Most of the comic-book characters portrayed on screen these days seem to depend entirely on special effects for the entertainment values. Not so this Spider-Man film. There is actual craft evident throughout the film, and more-than-merely-capable performances from almost all the players, even in the small roles. Garfield is believable as the skinny high-school kid with hidden depth, and is still believable when he engages his dragons. Stone is believable as the brainy hot chick (a role that probably came somewhat naturally to her), and Martin Sheen absolutely becomes the principled father-figure, Uncle Ben. Rhys Ifans portrays the villian sympathetically, so we're not too disappointed when he survives the film to set up a sequel (after the credits start). And Denis Leary manages to hold his tongue just enough to keep the film's PG-13 rating, while still exuding his trademark bile until [Spoiler Alert] he finds salvation on his death bed.
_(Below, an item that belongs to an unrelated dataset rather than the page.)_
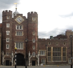 The chapel, which hosted the christening of Prince George in 2013 and Prince Louis in 2018, was built in about 1540 and substantially altered since, including under the eye of Sir Robert Smirke in 1837.  It was built on a north-south axis rather than the more usual east-west (a sizeable window on its northern wall can be seen to the right of the palace’s main gatehouse – see picture).

The film is good enough, too, for us to overlook a few incongruities. Just how many shells can the police chief's shotgon hold? How did Spider-Man get his mask on, when he's hanging from the bridge with the kid with one hand and the rope with the other? How does Peter Parker manage to encounter only blond long-haired thieves? And what are all those crane operators doing at work at that hour of the night; aren't they Union?

In the end, though, it's the quality of the special effects that keeps us buying in to this film. They are mostly done seamlessly, except for one scene (about a second, maybe two, long) in a longer fight sequence that seemed somehow less-well-crafted. The detail in computer-generated images, of water, of reflections, of shadows, is still amazing to me and, I suspect, to many other viewers. When you pair that with a good story, well-told, we don't really care if we've heard other versions of it before.